**Required action**. What is needed is a word-for-word copy of the lines below from the one with "This evil eye" through the one with "32. Disconnect the", both included, with every picture left out.
Top of Material provided
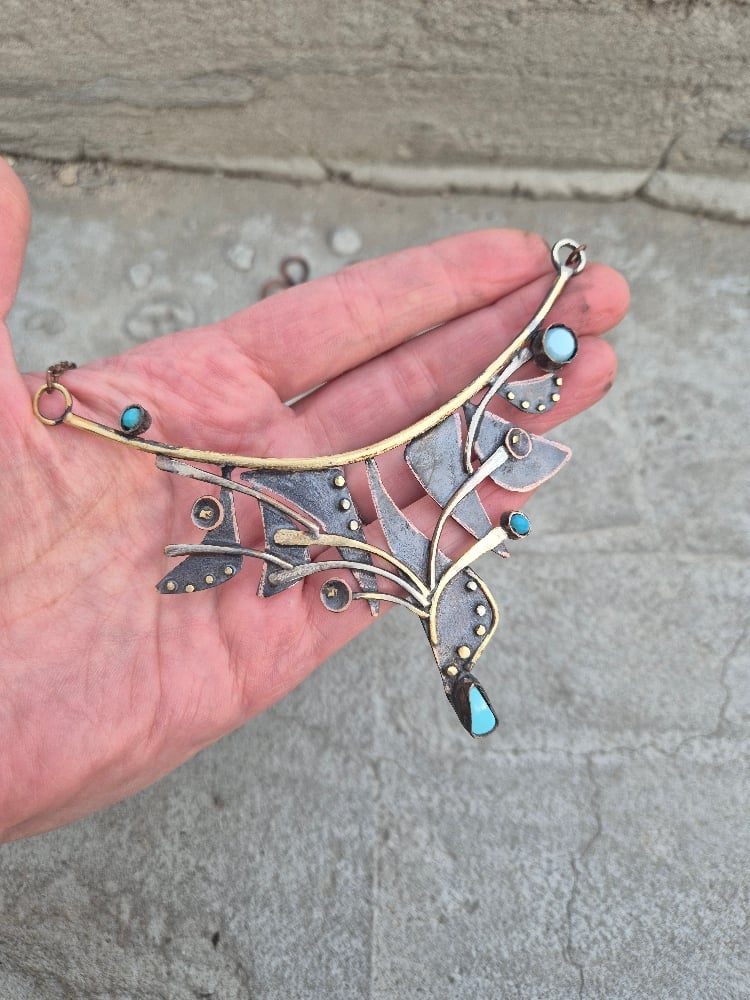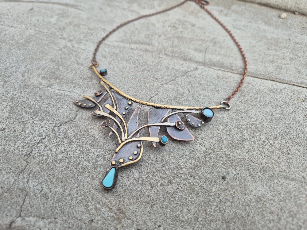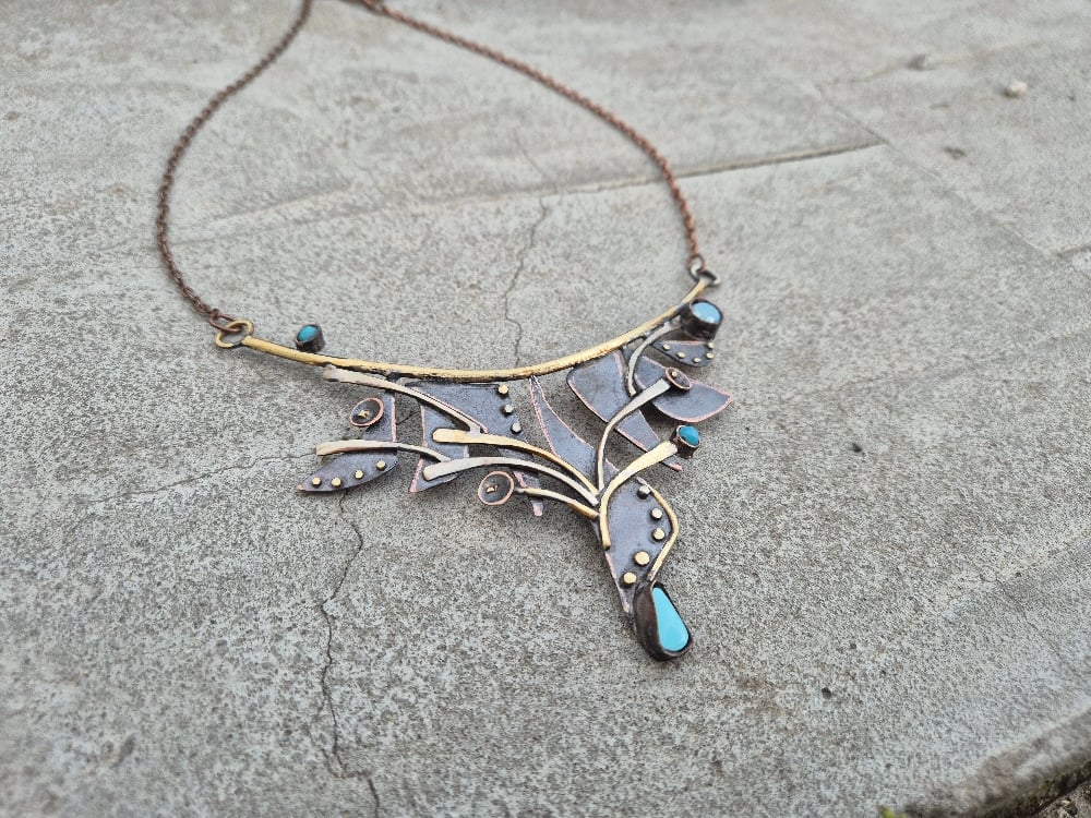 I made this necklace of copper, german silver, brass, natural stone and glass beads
Bottom of Material provided
Top of Material provided
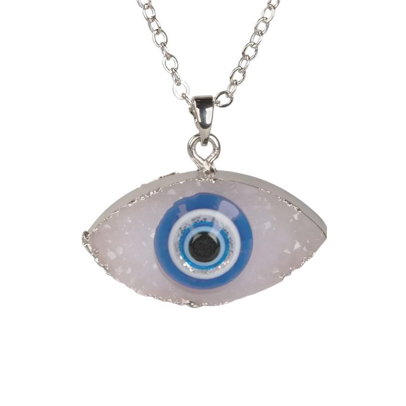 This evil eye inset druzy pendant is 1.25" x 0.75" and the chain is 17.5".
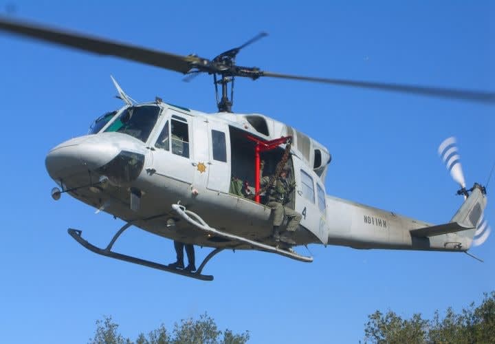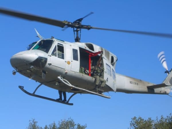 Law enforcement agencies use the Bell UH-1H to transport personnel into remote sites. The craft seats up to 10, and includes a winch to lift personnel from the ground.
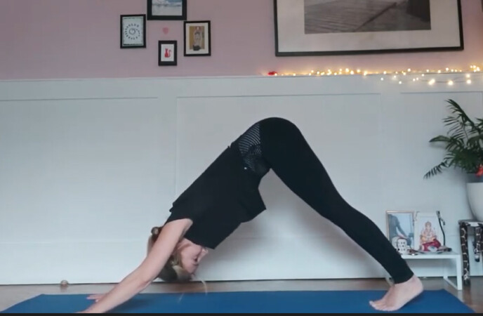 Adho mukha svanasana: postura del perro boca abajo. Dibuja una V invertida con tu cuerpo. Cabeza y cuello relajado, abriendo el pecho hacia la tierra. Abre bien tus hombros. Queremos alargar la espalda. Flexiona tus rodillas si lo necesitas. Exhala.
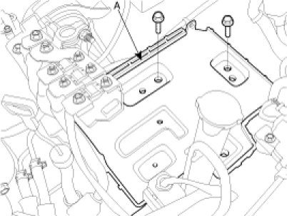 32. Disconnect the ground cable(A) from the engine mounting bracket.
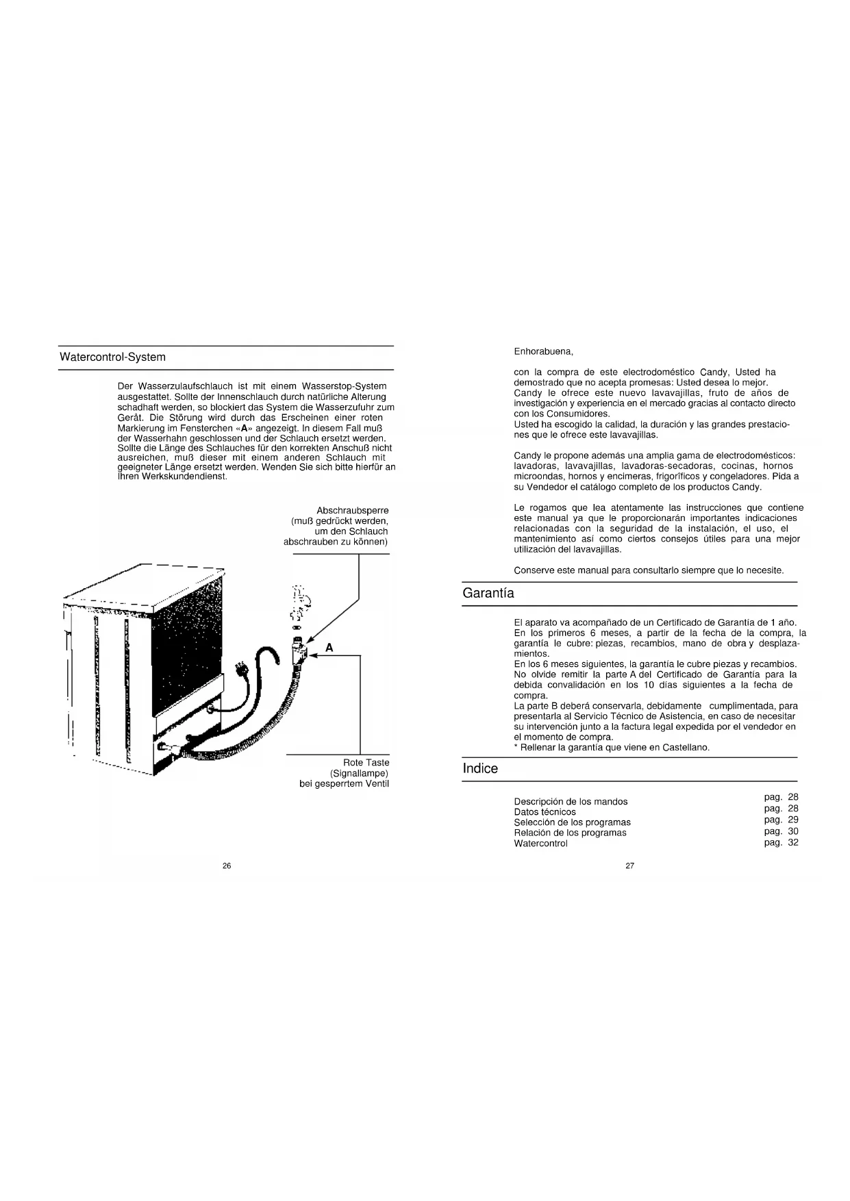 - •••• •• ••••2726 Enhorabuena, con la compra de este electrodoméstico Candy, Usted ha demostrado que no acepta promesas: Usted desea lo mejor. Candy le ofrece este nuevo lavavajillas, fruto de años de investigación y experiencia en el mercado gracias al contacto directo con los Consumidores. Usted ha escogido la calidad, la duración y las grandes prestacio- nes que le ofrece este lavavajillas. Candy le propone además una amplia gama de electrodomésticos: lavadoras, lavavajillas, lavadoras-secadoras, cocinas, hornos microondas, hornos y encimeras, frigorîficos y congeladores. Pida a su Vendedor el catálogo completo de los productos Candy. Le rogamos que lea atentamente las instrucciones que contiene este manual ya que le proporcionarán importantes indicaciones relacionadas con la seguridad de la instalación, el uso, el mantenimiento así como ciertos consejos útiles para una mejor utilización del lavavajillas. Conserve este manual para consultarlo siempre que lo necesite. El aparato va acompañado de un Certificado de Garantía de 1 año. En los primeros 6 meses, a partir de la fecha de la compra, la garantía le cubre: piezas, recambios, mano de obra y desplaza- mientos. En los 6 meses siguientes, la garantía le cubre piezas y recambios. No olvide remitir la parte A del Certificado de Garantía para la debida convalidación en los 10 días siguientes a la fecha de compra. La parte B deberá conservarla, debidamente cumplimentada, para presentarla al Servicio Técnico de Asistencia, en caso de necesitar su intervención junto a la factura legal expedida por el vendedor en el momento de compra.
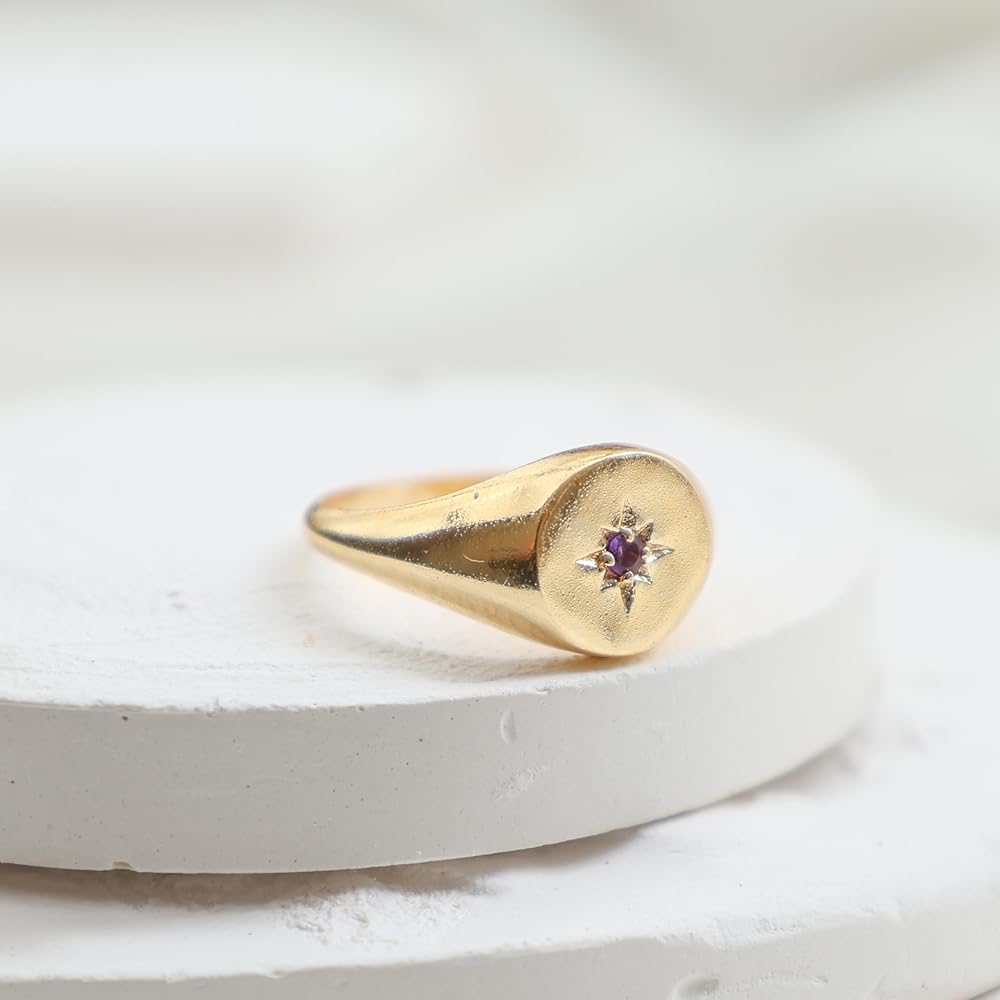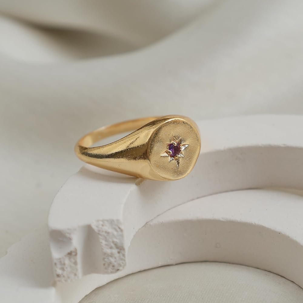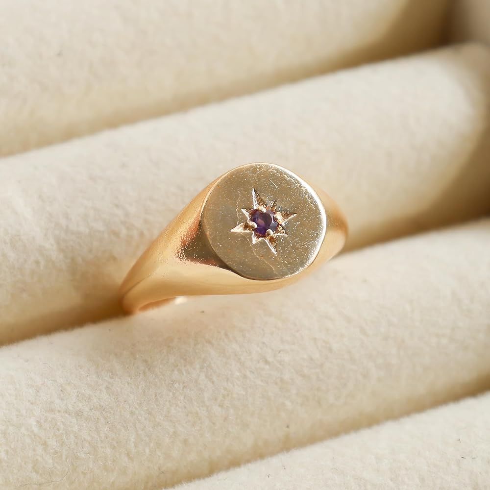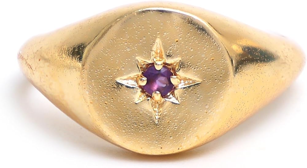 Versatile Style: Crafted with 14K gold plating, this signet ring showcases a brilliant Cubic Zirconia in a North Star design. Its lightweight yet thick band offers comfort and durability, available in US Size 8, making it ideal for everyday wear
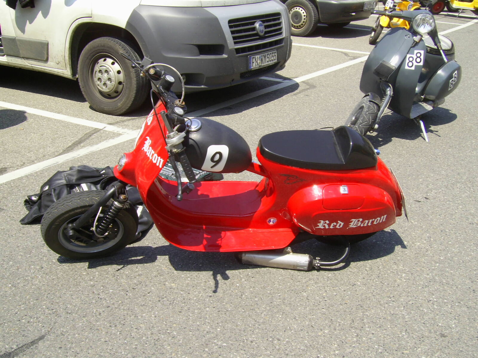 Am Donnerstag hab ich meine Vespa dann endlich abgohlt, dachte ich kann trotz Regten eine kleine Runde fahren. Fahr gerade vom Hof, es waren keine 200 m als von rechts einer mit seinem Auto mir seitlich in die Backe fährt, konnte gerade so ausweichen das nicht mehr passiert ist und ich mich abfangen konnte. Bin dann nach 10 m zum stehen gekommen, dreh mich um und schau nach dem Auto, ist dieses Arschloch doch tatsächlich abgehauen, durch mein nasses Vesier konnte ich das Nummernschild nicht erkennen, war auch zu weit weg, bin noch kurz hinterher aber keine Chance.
Bottom of Material provided
Top of Material provided
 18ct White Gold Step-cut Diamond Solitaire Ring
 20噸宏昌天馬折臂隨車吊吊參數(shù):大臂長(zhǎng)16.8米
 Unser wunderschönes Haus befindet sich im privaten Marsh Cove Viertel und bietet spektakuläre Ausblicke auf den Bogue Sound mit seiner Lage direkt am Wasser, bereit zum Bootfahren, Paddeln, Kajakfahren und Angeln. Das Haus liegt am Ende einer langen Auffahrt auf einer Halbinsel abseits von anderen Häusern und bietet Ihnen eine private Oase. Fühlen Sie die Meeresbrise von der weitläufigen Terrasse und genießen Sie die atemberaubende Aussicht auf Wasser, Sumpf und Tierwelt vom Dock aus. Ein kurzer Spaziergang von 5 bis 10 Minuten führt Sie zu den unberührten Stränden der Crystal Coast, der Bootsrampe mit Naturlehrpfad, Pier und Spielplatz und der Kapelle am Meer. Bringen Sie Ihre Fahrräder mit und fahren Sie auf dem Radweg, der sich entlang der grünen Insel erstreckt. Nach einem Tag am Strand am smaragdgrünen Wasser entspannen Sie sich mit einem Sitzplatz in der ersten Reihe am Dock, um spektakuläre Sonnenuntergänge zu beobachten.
Bottom of Material provided
**Solution**.
 This evil eye inset druzy pendant is 1.25" x 0.75" and the chain is 17.5".
 Law enforcement agencies use the Bell UH-1H to transport personnel into remote sites. The craft seats up to 10, and includes a winch to lift personnel from the ground.
 Adho mukha svanasana: postura del perro boca abajo. Dibuja una V invertida con tu cuerpo. Cabeza y cuello relajado, abriendo el pecho hacia la tierra. Abre bien tus hombros. Queremos alargar la espalda. Flexiona tus rodillas si lo necesitas. Exhala.
 32. Disconnect the ground cable(A) from the engine mounting bracket.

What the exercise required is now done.